To bypass it and get an audio challenge, you simply click the ‘Reload Challenge’ button until you get the correct type. The Reload-Challenge button:

newchallengebutton — Figure 5: Get New Challenge Button

What was our goal? To bypass the ReCaptcha. Can we do this? Yes. How? Google Speech Recognition API!

ReBreakCaptcha Stage 2: Recognition

Now comes the fun part, taking advantage of one Google’s service to beat another Google’s service!
Let’s get back to the audio challenge (Figure 3).
As you can see, the controls on this challenge page are:
1. A play button – to hear the challenge.
2. A textbox – for user input.
3. A download button – to download the audio challenge.
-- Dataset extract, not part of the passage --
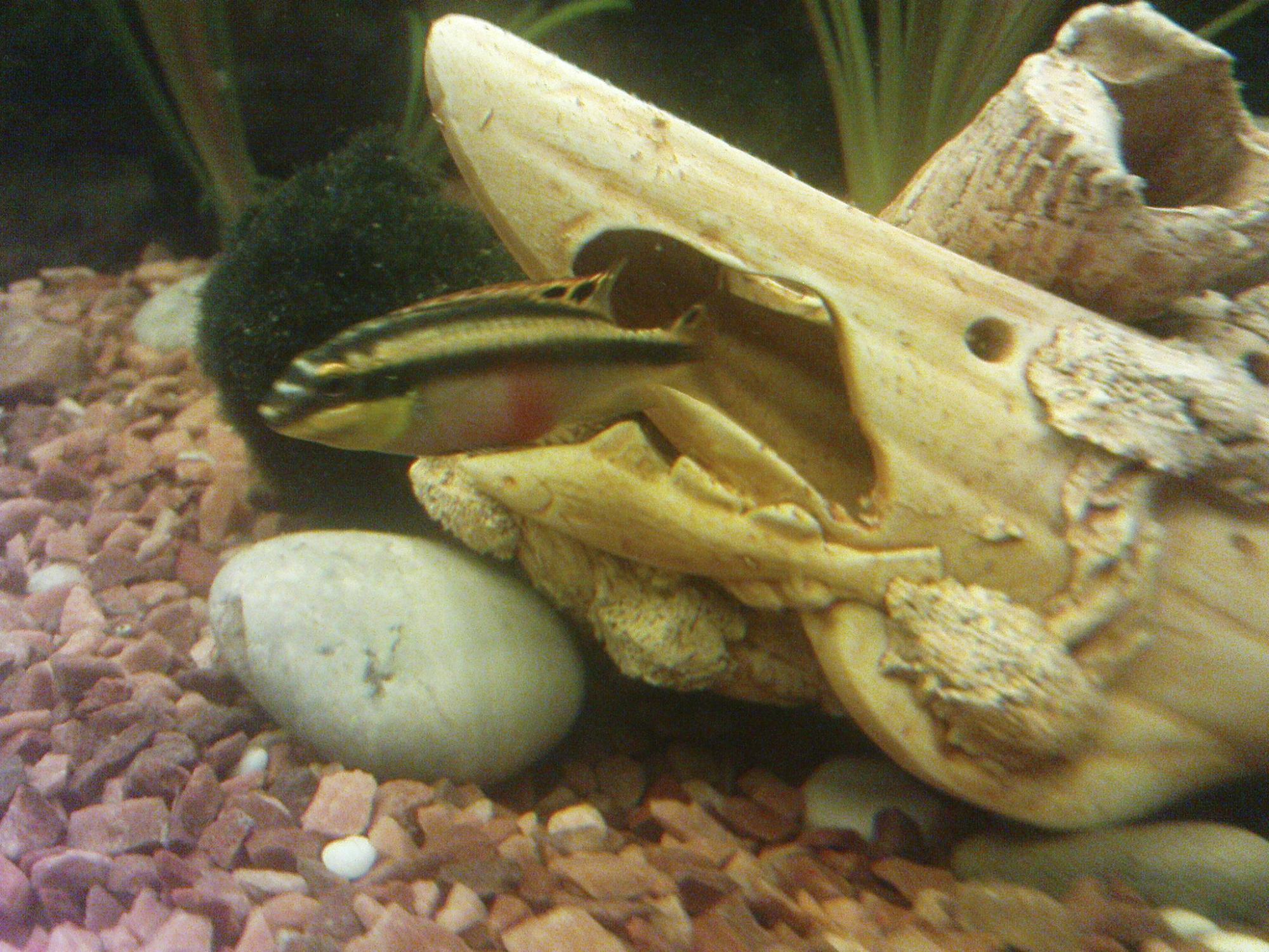 Pelvicachromis pulcher у меня самые большие из всех (средний размер цихлид 4-5 см), самец около 8 см, самка 6, они себе окупировали небольшой кораблик и сделали под ним подкоп, самка то в кораблике, то под корабликом, похудела сейчас, на кормление выходит, но очень быстро обратно возвращается... думаю, уже через пару дней мальи должны поплыть (я в их гнездо не лезу, поэтому не знаю, на какой стадии личинки)

Let’s download the audio file and send it to Google Speech Recognition API. Before doing so, we will convert it to a ‘wav’ format which is requested by Google’s Speech Recognition API.
Now we have the audio challenge file and are ready to send it to Google Speech Recognition.
How can this be done? Using their API.

There is a great Python library named SpeechRecognition for performing speech recognition, with support for several engines and APIs, online and offline.
We will use this library implementation of Google Speech Recognition API.

We will send the ‘wav’ audio file and the Speech Recognition will send us back the result in a string (e.g. ‘25143’).

This result will be the solution to our audio challenge.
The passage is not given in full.